Ginger At The British Museum

It has been said that there are only two certainties in life – death and taxes. With regard the latter it is possible to avoid or evade. With regards the former evasion or avoidance are not options. Sooner or later we’re all going to die.

So, what has occupied the mind of humankind since the long ago age when they crawled out of the primordial swamp and stood upright on two legs is what comes next? Is there an undiscovered country “from whose bourn,” to quote Shakespeare, “no traveller returns?” Is there an afterlife?

Well in a glass case located amongst the mummies in the Egyptian section of the British Museum you will find the remains of someone who very much believed that there was an afterlife. Furthermore, he is one of the most visited exhibits in the British Museum Collection.

The dried out cadaver was discovered in Egypt in 1900 but those who look upon him are looking at the remains of a man who walked the sands of Egypt some 3000 years before the birth of Christ.

We don’t know exactly who he was but, on account of his reddish- blond hair – which, although 5000 years old, has been almost perfectly preserved – he has been given the unofficial nickname of Ginger.

Ginger is curled up in the foetal position – this is symbolic.
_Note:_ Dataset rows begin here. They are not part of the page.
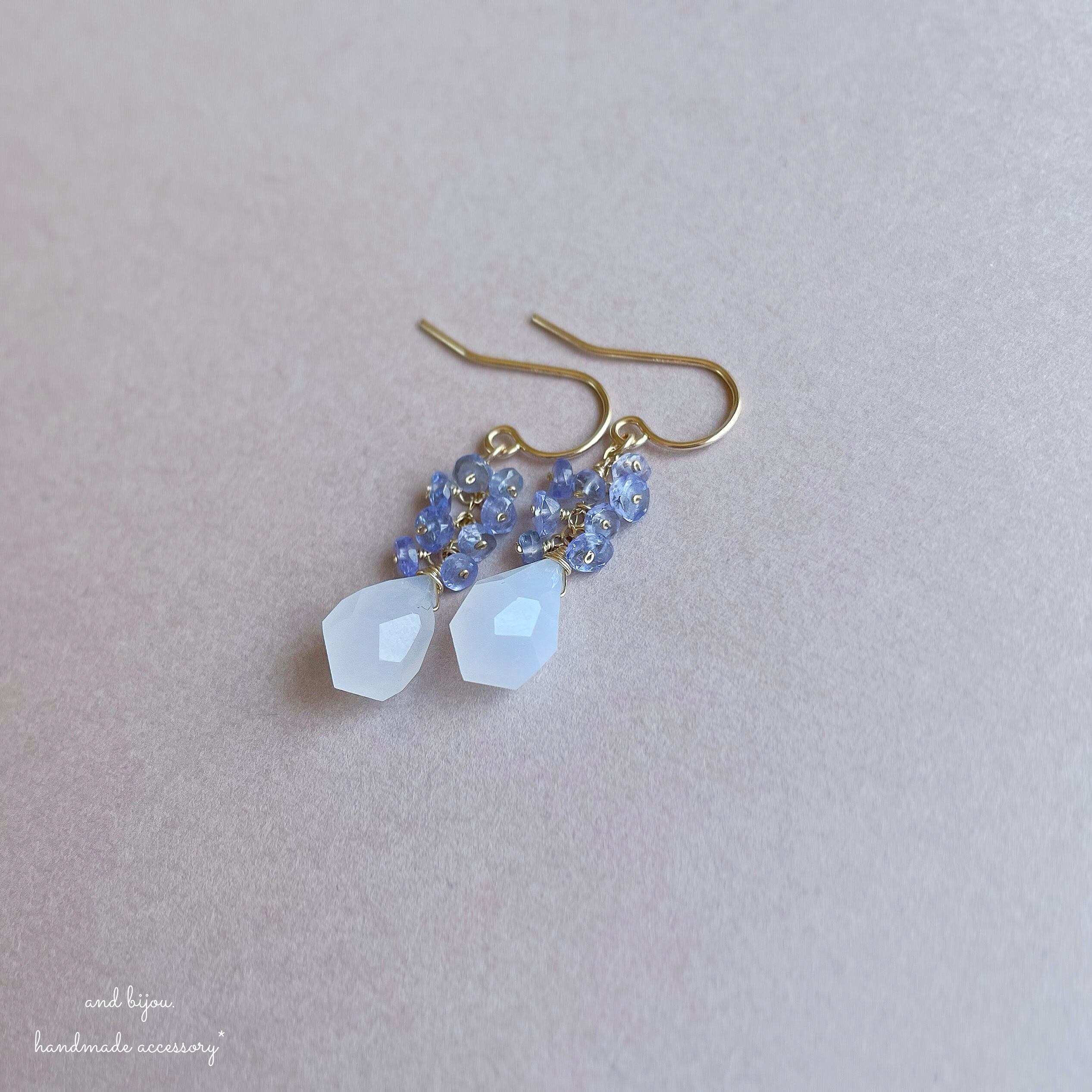 14kgf タンザナイト × カルセドニー ピアス/イヤリング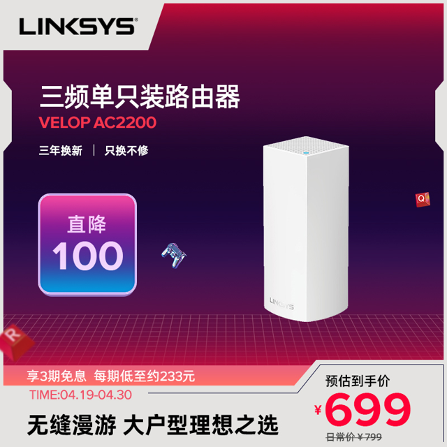 天猫linksys旗舰店目前售价799元,领满500减60元优惠券,到手价639元包邮。近期,入手好价,三频千兆,高速穿墙,智能Mesh组网,有需要的可关注。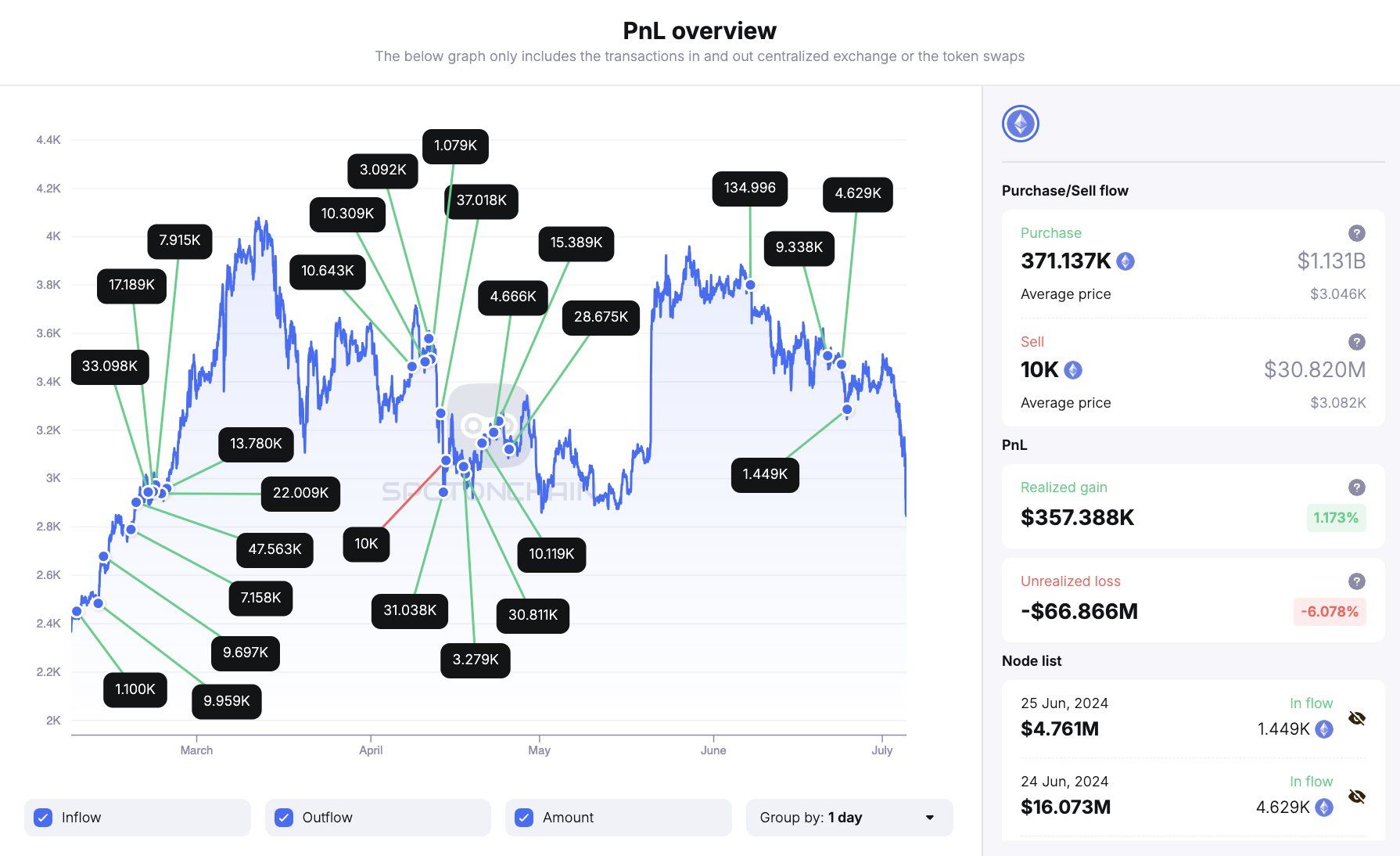 - Następnie kupił 176 117 ETH w kwietniu za pośrednictwem “0x435” po średniej cenie 3177 USD.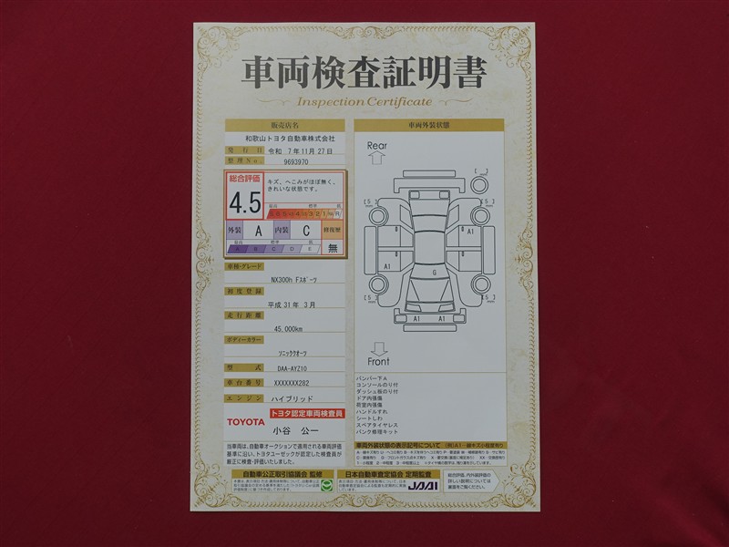 表示項目・方法・運用体制等について、自動車公正取引協議会の定める基準を満たした「トヨタU-Car品質評価制度」に基づき作成しております。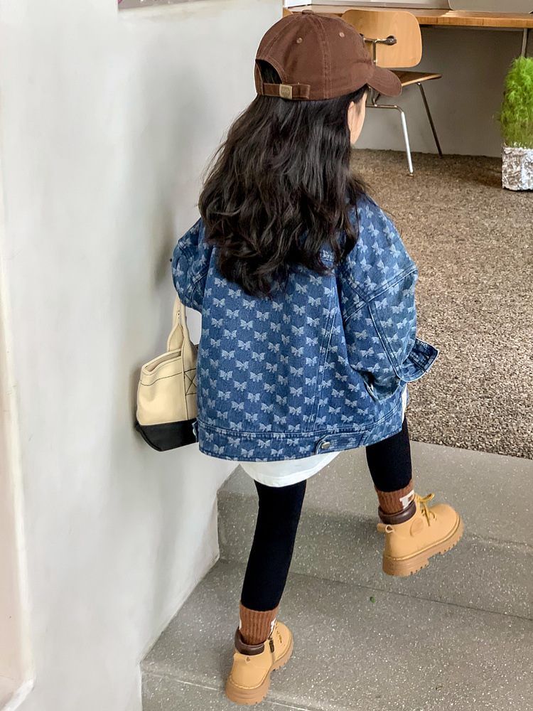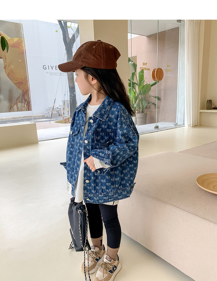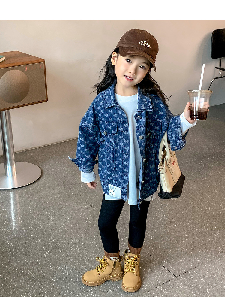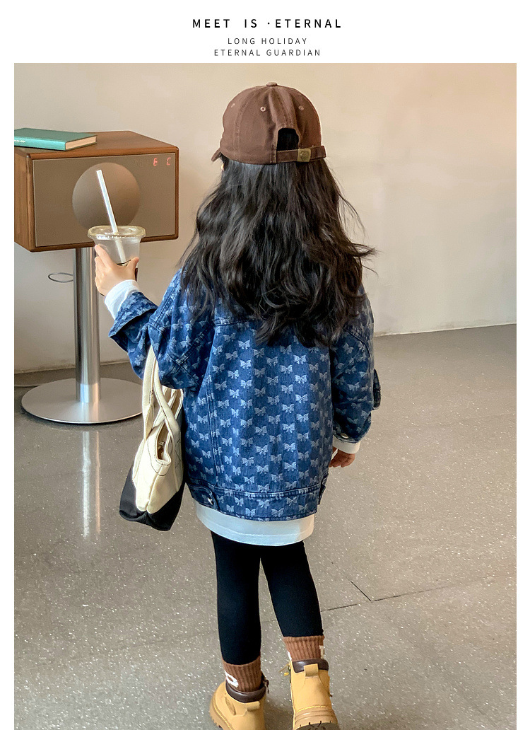 여아용 자켓 2025 어린이 가을 자카드 데님 아우터 아기용 다용도 루즈 셔츠 탑 레트로 스타일스토어 가기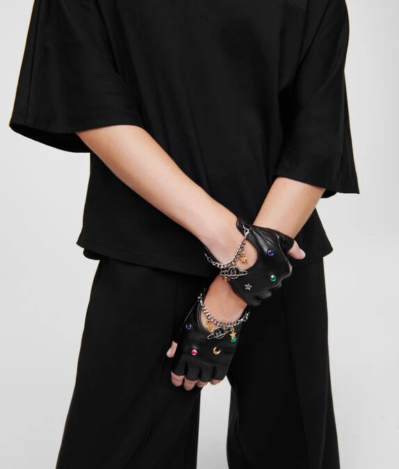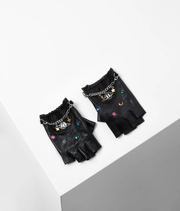 Vom Kosmos inspirierte Anhänger zieren diese fingerlosen Handschuhe. Ein Kettendetail mit einem von Planeten inspirierten KL-Monogramm-Anhänger verleiht dem verspielten Design eine unverkennbare KARL-Rock-Note.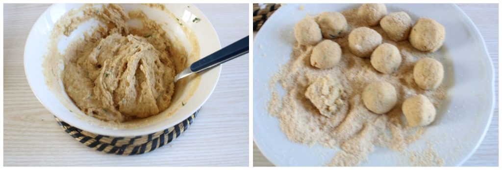 N.B.: ajoutez la chapelure une cuillère à la fois, en mélangeant bien. Si le mélange est trop mou, ajoutez-en encore. Pour moi, il a fallu 5 cuillères à soupe au total.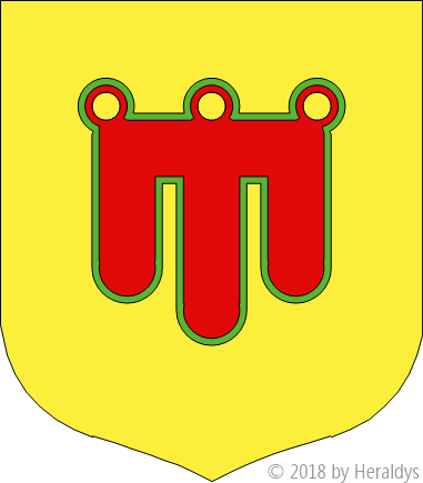 d'or, au gonfanon de gueules, frangé de sinople.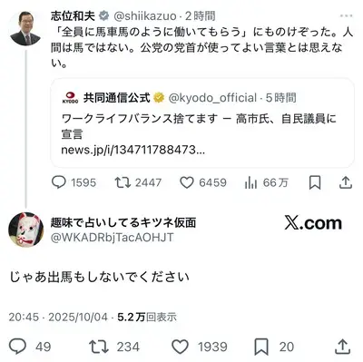 【速報】共同通信 馬車馬「国民には強いないで」高市氏発言が波紋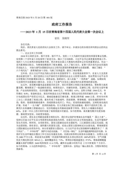 / 署名文章:2023.01.20省长吴晓军:政府工作报告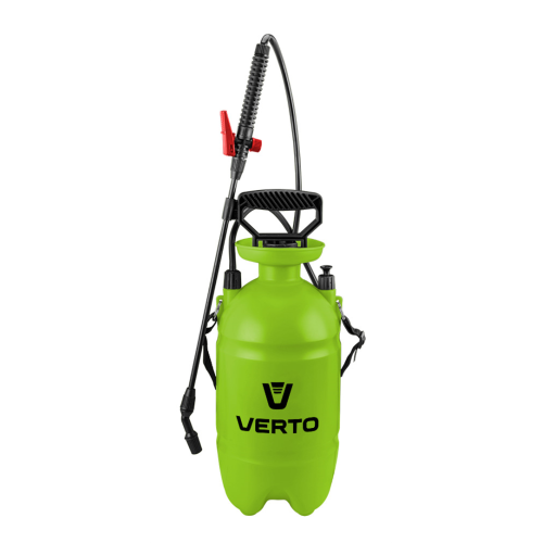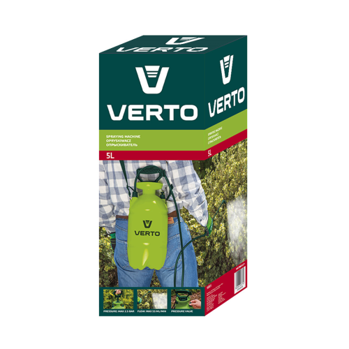 Opryskiwacz ciśnieniowy VERTO (nr ref. 15G505) o pojemności 5 litrów. Ciśnienie robocze 2.5 - 3 bary. Szeroka szyjka ułatwia napełnianie butli. Dodatkowy pasek umożliwiający zawieszenie zraszacza na ramieniu oraz blokada strumienia podnoszą komfort pracy. Zawór zapewnia bezpieczeństwo w trakcie użytkowania. Opryskiwacz można stosować w zakresie temperatur od 0 do + 45°C.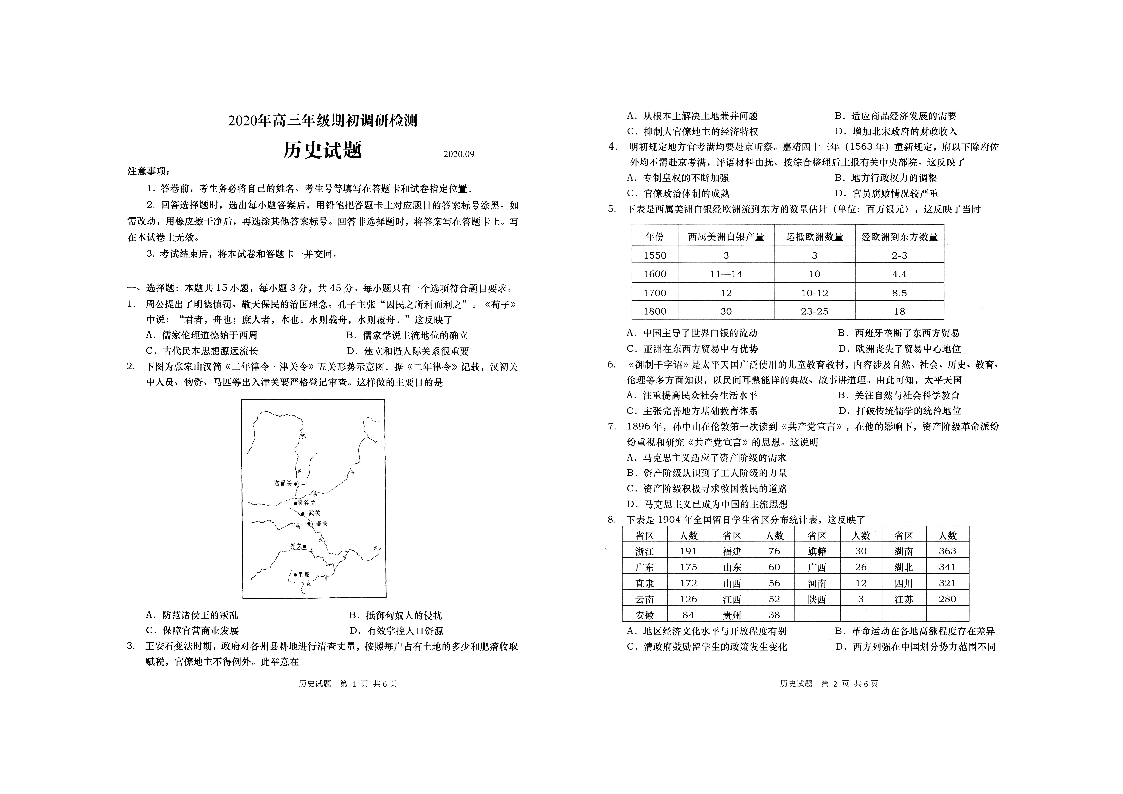 山东省青岛市2020.9高三年级期初调研检测试题历史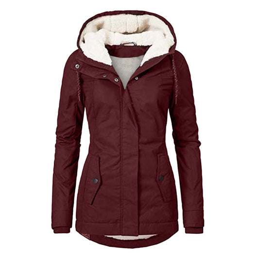 Winter Hooded Jacket Solid Color Warm Buckle Zip-up Fleece Jacket With Pockets Women's Casual Jacket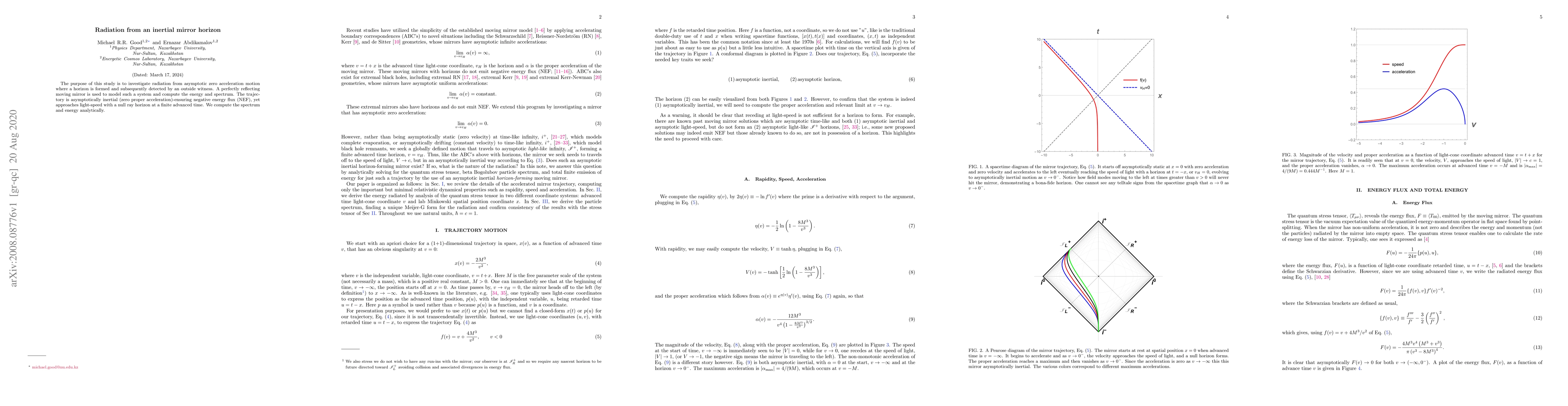 This study investigates radiation from a perfectly reflecting inertial mirror approaching light-speed, forming a null ray horizon, and computes its energy and spectrum analytically, ensuring negative energy flux. The findings provide insights into the radiation detected by an outside observer.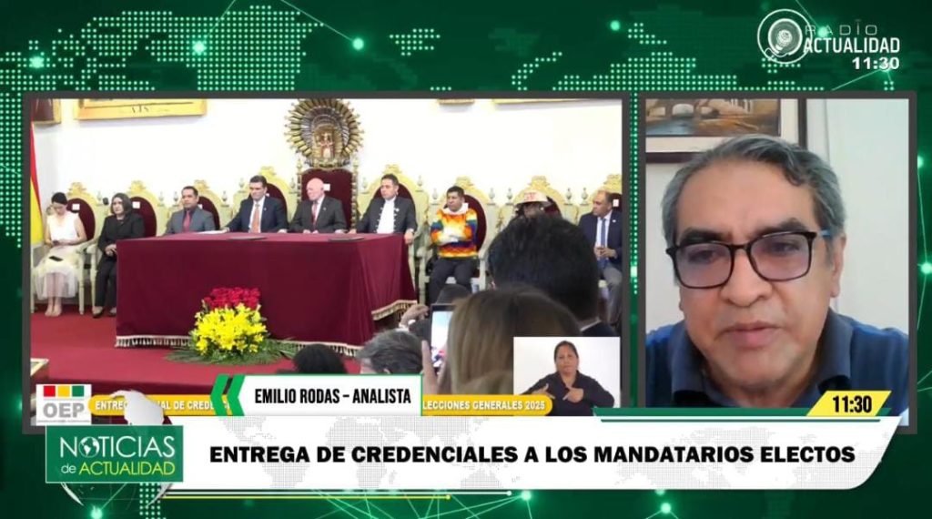 El analista político Emilio Rodas calificó el acto de entrega de credenciales al presidente electo Rodrigo Paz y al vicepresidente electo Edman Lara, realizado en la Casa de la Libertad de Sucre, como un evento de carácter protocolar y simbólico que marca el inicio formal de la transición democrática en Bolivia.

He is about to be reborn and about to enter the next life, and surrounding him are various objects – pots and bowls and a stone vase. These were not discovered at the same time as Ginger but they do date back to the same period and have been placed with him in the glass case to give an impression of how his grave pit would have looked. These vessels would have contained personal possessions, such as beads and a knife, as well as food and drink, all sorts of things to sustain him in the afterlife.

He is an excellent example of how bodies were preserved in Ancient Egypt in the days before mummification, an era known as the Predynastic Age. They were placed in shallow graves and then covered with dry sand. It was important for bodies to be preserved so that they could pass through into the next life.

The Ancient Egyptians believed that the body needed to survive in a recognisable form because if it decayed the spirit, which survived death, also perished. The spirit, they believed, would ascend to the heavens, and having passed the judgement of the gods, it would be transformed into a divine being, called an akhu, and it would live in a realm decorated with features similar to those it had had on earth and where it would sample pleasures similar to the ones it had enjoyed in its mortal form.

But how has Ginger’s body been preserved for so long – over 5000 years?

Well, the secret lies in the sand itself.

Sand dries out the moisture from the body. Whenever an organic thing dies, be it an animal, plant or person, it immediately starts to decompose. Bacteria get inside, breed in the moisture and begin eating away at the body, breaking it down.

But, because Ginger was placed in direct contact with the sand, all of the moisture was drawn out, and, since the human body is made up of 75% water, there was nothing for the bacteria to live on.

So, even though Ginger looks a little leathery, he is in remarkable shape for someone who has celebrated his 5000th birthday.